ワードが身震いして、鏡をシャラシャラ鳴らすと、操られた人々は、エリカと薫を目指して一斉に駆け出した。
エリカは、薫と共に、本来下りのエスカレーターを跳ぶように登りながら、スマートフォンを耳に当てる。
今出来るもう一つは、正太郎への救援要請だ。
『遅いぞエリカ。何してんだ?』
待望していた恩師の声に安堵を覚えつつも、エリカは、簡潔な言葉を選んで伝えた。
「先生助けて! ワードに襲われてる!」
『今どこに居る!?』
「本屋さん!」
『どんな形状だ? あとワードの能力は?』
「鏡を貼り付けた肉の塊の形状をしていて……人を操る能力があるみたいなの」
『厄介だな。何人操られてる?』
「数十人か……百人以上。もっと増えるかも。どんな物語のワードか分からないから倒せなくて――」
『分かった。すぐに俺が行く。対人戦なら俺のグリムハンズは使い勝手がいい。それにワードが操作系の能力なら亀城の桃太郎による操作の上書きが出来るかもわからない。お前の灰かぶり《シンデレラ》も相性が悪いだろ』
「でも凄い数で持ちこたえられるかどうか……」
『すぐに着くから持ちこたえろ! 絶対に諦めんじゃねぇ!!』
正太郎の怒声は、今まで聞いた事のない熱と悲壮を帯びていた。
――この人も、こんな声を出すんだ。
もし、エリカと薫が死んだら、あの世にまで説教をしに来て、拳骨をくれそうだ。
諦める事を決して許してくれない。
正太郎の想いに応える義務が、エリカにはある。
「……分かった! 頑張る!」
『ああ。必ず助けるからな。待ってろよ』
「うん!」
エリカとの通話を終えた正太郎は、朱色のジャケットを羽織りながら涼葉の肩を叩いた。
「涼葉。お前のサンベリーナを貸してくれないか? 偵察要員が欲しい」
「分かりました。おいで、サンベリーナ」
涼葉が右手の人差し指の付け根を噛み切ると、血の雫が膨らみ、三頭身にデフォルメされた涼葉の姿となった。その大きさは、ちょうど涼葉の掌に納まる程だ。
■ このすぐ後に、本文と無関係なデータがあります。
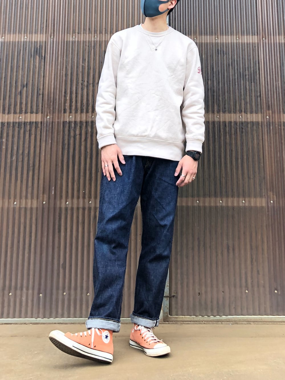 スウェット×ジーンズ カジュアルコーデ DELUXEWAREの定番 厚手なスウェットに、FULLCOUNTの1101 ミドルストレートのシルエットを太めで合わせてみました。 足元はコンバース オールスター。 トップスがベージュなので、 明るめなサーモンピンクで春らしく合わせてみました。 かなりカジュアルで楽々コーデですね。 野暮ったくなり過ぎないようにジーンズも腰履きせず、ロールアップも細めにしてみました。 スニーカーもハイカットなので、ロゴが見えて可愛いですね。 夏に履くならもう少し丈詰めしても良さそうです、迷います。 今日もありがとうございます。 また良かったら見てくださいね〜。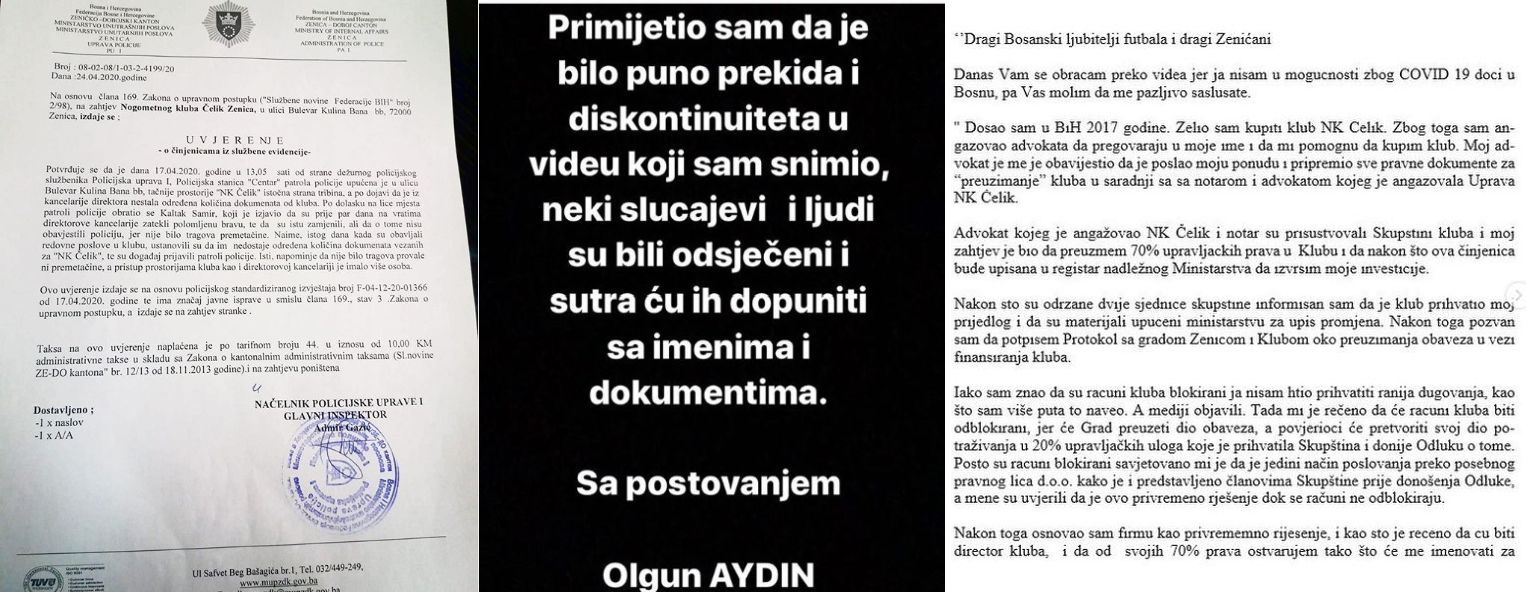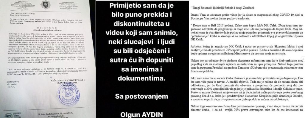 “Klub ćemo vratiti onako kako smo ga i uzeli”, istakao je Olgun, koji je detaljno obrazložio razloge napuštanja Čelika i Zenice. Napomenuo kako je nailazio na mnoge prepreke u radu te da su u klubu, bez njegove saglasnosti, sačinjavali štetne ugovore i zadužili ga, a o čemu je saznao tek kada su počeli prikupljati dokumentaciju za licenciranje kluba za takmičenje u Premijer ligi BiH.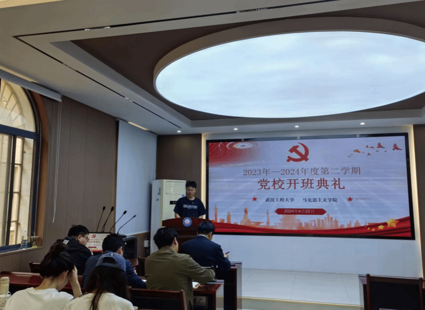 (通讯员:张文志 梁若男)4月22日上午,武汉工程大学党校腾博tengbo9885官网分校在求是楼112报告厅举行2024年春季学期开班仪式。学院院长曹胜亮、学院团委书记、党务做事蔡明广、学院研究生第四党支部书记陶夏和各学生党支部副书记及第73期入党起劲分子培训班、第15期生长工具培训班全体学员加入仪式。仪式仪式由学院党务中心成员张文志主持。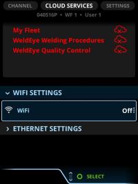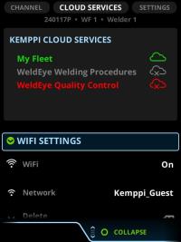 Para emplear los servicios en la nube de Kemppi, conecte la soldadora a Internet mediante una conexión WLAN o por cable. Establezca la conexión mediante el uso de la pantalla de Servicios en la nube en el menú Vista. Allí también podrá ver el estado de los Servicios en la nube.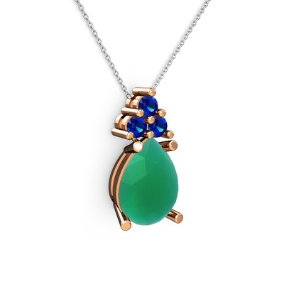 Kök zümrüt ve lab safir 925 ayar rose altın kaplama gümüş kolye (40 cm beyaz altın rolo zincir)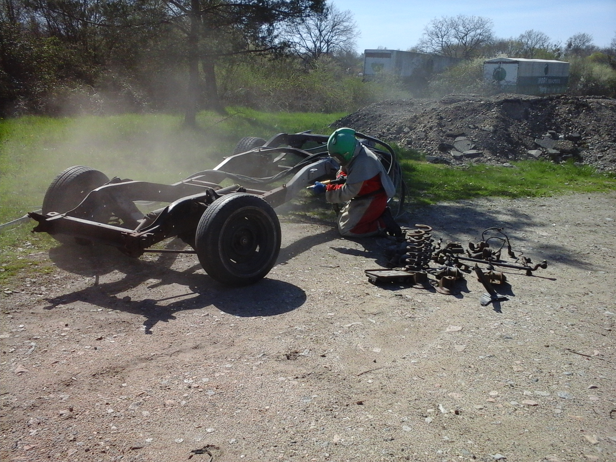 Va falloir attendre un peu toutes les sableuses sont louées et comme je vais louer ça pour un week-end c'est pas trop grave. je vais continuer à preparer mes pieces et le chassis. bonne nouvelle j"ai recuperé des fusées decalées pour dropper l'avant" komyfo"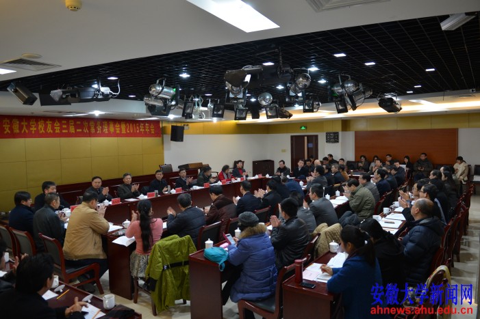 本网讯(通讯员 李小琼)12月6日,安徽大学校友会三届二次常务理事会暨2015年年会在磬苑校区召开。校党委书记李仁群、校长程桦、校党委副书记许继荣,校友会会长黄德宽、常务副会长杨家芹、副会长杜先能等出席大会。会议由杨家芹主持。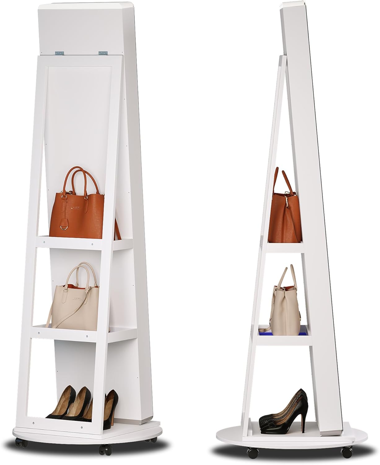 • Three-tier storage shelves behind the mirror allow you to store handbags, shoes, and daily essentials.

サンベリーナは、涼葉の手から正太郎の手に移ると、ジャケットの左ポケットに飛び込んだ。
正太郎は、軽くポケット叩いてサンベリーナが入っている事を確認すると、部室の本棚を見つめる。
「ここにある本を調べてくれ。あとインターネットでも。エリカの言っていたキーワードも合わせてな。鏡と人を操る、だ」
「分かりました」
「頼むぞ、涼葉」
「先生!」
正太郎が部室のドアの前に立つと、涼葉の声が呼び止めた。
「なんだ?」
「二人を助けてください」
「分かってるよ」
「それから先生も気を付けて。怪我しないように」
「涼葉が見守っててくれるんだ。大丈夫」
正太郎は、再度ジャケットの左ポケットを叩いて、部室を後にした。